If you’re not looking to stray too far from the Reg, Doc Films is an exceptional choice. Housed in the Max Palevsky Cinema in Ida Noyes Hall, Doc began in 1932 as a student-run film club that exclusively screened documentaries (or, as its founders called them, “the realist study of our time via nonfiction film”). Since then, Doc has expanded its repertory and now screens everything from flops to favorites. Esteemed directors and actors from Woody Allen to Alfred Hitchcock and, more recently, Darren Aronofsky, have visited Max Palevsky Cinema to lead discussions about their films. Doc features eight film series per quarter (excluding finals week), one for each night of the week and two on Thursdays. On Fridays, Doc hosts its marquee series, which tends to include popular, recent films (usually the most well-attended screenings) and on Saturday it plays new releases.
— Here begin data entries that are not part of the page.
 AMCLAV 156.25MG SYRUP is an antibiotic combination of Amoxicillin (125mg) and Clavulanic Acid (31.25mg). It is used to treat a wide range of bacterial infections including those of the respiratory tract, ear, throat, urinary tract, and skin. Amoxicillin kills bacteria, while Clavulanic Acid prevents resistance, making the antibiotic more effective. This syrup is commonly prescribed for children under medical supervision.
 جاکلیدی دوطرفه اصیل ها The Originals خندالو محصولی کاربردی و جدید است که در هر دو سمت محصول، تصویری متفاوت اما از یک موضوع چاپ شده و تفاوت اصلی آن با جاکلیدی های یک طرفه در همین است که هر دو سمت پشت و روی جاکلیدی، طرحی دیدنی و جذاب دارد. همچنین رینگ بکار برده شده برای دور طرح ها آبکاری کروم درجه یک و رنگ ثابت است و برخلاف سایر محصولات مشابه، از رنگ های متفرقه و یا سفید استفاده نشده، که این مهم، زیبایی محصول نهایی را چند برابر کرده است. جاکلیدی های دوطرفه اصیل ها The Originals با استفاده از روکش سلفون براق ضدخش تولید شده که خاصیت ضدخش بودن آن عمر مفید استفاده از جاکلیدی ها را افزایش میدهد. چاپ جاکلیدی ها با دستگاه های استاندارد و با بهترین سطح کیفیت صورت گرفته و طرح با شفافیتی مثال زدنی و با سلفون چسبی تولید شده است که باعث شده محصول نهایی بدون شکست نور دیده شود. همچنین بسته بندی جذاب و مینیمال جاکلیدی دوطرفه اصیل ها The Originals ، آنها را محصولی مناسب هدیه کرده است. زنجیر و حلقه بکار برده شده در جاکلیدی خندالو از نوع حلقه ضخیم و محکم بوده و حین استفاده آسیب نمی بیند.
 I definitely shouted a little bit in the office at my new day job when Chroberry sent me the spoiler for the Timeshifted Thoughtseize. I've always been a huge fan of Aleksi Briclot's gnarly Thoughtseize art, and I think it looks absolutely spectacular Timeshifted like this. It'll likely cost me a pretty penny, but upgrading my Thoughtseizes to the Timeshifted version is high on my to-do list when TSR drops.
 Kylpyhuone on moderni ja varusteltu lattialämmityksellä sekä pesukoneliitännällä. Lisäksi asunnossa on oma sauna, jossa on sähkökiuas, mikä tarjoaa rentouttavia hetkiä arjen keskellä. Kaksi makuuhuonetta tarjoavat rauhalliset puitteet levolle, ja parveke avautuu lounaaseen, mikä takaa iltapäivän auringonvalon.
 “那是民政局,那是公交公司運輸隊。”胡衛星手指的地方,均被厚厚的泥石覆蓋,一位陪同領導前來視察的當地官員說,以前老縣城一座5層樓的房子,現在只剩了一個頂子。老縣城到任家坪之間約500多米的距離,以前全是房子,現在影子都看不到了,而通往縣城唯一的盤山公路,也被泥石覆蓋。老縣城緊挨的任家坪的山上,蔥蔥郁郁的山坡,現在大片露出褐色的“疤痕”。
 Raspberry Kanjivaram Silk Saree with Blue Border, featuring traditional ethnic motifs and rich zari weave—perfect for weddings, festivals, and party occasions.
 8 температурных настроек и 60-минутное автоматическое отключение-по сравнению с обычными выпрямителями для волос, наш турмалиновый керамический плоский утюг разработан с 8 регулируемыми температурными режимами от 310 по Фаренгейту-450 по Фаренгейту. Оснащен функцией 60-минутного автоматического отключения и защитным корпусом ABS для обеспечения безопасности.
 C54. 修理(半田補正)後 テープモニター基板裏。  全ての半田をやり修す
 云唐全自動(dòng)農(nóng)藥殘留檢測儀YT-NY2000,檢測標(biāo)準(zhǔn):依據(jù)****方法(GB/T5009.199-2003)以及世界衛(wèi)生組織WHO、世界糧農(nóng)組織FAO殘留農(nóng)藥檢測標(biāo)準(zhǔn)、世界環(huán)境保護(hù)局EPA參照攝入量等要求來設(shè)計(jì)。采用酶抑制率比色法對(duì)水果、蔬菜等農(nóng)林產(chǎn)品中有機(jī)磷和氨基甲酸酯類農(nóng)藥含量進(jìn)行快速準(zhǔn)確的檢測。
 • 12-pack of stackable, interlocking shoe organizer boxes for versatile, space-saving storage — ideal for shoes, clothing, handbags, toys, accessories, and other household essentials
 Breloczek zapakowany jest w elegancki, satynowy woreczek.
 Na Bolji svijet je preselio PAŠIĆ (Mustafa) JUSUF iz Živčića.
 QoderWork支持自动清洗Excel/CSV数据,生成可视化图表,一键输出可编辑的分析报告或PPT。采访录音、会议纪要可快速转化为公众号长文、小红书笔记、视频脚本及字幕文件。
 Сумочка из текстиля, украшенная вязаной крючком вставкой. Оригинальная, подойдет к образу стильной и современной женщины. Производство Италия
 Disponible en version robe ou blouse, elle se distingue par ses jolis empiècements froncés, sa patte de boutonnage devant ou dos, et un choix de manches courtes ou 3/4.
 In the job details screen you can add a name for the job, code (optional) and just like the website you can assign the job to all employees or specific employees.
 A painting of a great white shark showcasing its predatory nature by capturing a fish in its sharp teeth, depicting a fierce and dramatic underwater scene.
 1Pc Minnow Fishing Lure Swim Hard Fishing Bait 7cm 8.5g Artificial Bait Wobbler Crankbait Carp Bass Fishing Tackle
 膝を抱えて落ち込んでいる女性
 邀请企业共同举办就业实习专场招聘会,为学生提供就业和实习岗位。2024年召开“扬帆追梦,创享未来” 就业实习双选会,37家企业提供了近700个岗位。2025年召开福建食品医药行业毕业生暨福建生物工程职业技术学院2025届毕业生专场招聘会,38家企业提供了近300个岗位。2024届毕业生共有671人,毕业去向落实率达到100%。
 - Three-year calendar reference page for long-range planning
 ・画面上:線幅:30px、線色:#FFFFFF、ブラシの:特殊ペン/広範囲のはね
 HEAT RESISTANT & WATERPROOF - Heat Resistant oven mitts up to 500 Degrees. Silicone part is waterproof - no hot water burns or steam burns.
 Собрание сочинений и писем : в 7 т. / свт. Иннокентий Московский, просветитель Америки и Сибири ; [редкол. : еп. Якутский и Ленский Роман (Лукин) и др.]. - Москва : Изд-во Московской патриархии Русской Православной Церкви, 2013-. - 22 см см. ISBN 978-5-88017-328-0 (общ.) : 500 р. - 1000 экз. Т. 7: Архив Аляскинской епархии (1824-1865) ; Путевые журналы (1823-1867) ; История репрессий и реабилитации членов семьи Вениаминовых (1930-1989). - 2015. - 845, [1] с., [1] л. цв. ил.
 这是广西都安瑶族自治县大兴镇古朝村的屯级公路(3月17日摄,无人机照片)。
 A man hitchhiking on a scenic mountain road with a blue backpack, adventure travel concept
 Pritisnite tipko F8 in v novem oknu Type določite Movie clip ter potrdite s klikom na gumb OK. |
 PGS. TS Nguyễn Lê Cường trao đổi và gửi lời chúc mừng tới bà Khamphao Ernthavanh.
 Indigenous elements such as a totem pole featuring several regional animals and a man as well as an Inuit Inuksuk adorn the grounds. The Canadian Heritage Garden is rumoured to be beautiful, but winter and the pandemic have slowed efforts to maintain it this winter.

Renowned film critic Roger Ebert (X ’70) once called Doc Films “cinephile heaven,” and—at five dollars per ticket or $30 for a quarterly pass with discounts for renewing members—it’s hard to disagree.

The plush red chairs in Doc Films's Max Palevsky Theater.
The plush red chairs in Doc Films’s Max Palevsky Theater. ()

The Max Palevsky Cinema, along with the Logan Center, also plays movies produced by Fire Escape Films, UChicago’s student filmmaking RSO. Along with making films throughout the year, the club holds weekly screenwriting workshops, filmmaking equipment orientation, and short film discussions at general meetings. Fire Escape hosts the legendary 48 Hour Film Festival in the spring, where student teams spend a weekend together writing, filming, and editing a short film.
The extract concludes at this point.